Do you think that $\mathbb Z \subset \mathbb R$? On one hand this inclusion is quite handy. We like to write things like: $$ \sqrt{n} \quad \text{for $n\in \mathbb Z$} $$ which requires the number $n$ to be a real number (where $\sqrt\cdot$ is defined). On the other hand it is difficult to obtain such an inclusion when comes to definition. One would like to be able to define whole numbers without the need to define real numbers. This becomes more tricky when one notices that there are other inclusions which one would like to satisfy. For example I would like $1$ to be a polynomial with whole coefficients, or maybe a polynomial with complex coefficients, or maybe a real function of one variable...
I would say that it is not possible to satisfy all these inclusions. So maybe we must not insist on saying that $\mathbb Z \subset \mathbb R$ in the first place. Are there alternatives?
One possibility I see is that of having many different sets isomorphic to $\mathbb Z$. We should use the name $\mathbb Z$ for integers as we use $V$ for vector spaces. We should say: let $\mathbb Z$ be any set of integers. Or: let $\mathbb R$ be a set of reals and let$\mathbb Z$ be the set of real integers $\mathbb Z \subset \mathbb R$. And so on...

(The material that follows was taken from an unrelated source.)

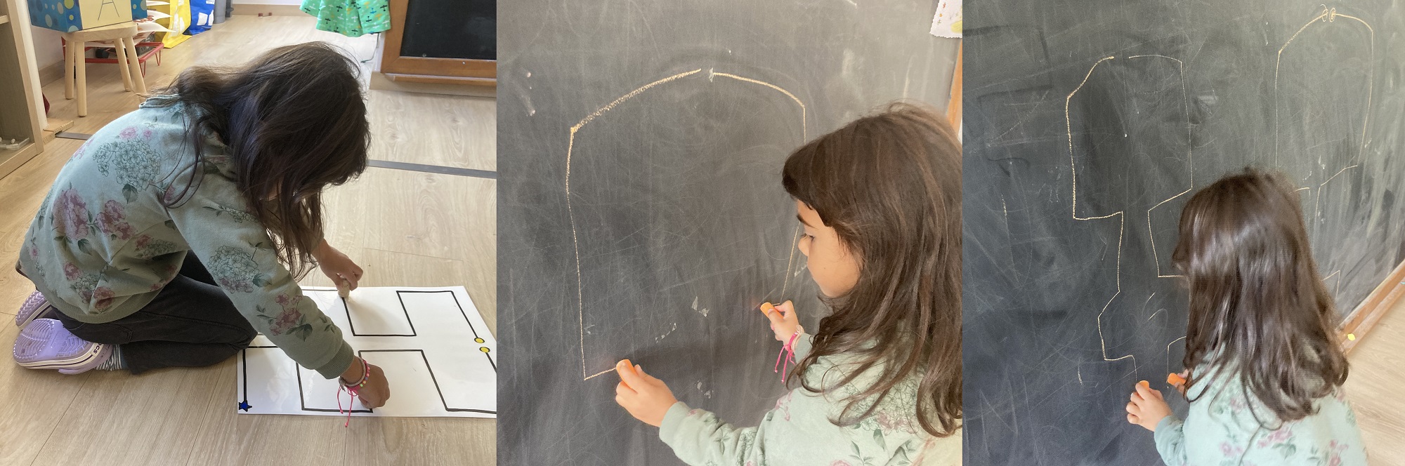 També hem treballat el traç en una escala més concisa, però fent treballar les dues mans alhora. Ens ha agradat molt! Amb uns taps de suro havíem de fer el traç ben concentrats i després dibuixar-lo a la pissarra. Els nens i nenes dels Petits estan aprenent molt!!

Another possibility I see (but I'm not sure if it can be really founded) is that of redefining the meaning of equality $=$ and distinguish between equality and identity. We could try to take an "object-oriented" approach where equality could be defined like any other operation. So one could define $1 = 1/1$ i.e. the integer $1$ is the same as the rational $1/1$ and one should define the sum of integers and rational by converting the integer to a rational and then performing the sum between rationals. This also modifies the concept of 'set' since the set $\{1, 1/1 \}$ is equal to $\{1/1\}$ and hence has a single element. This is, more or less, how types work in computer languages. Can this approach be made rigorous?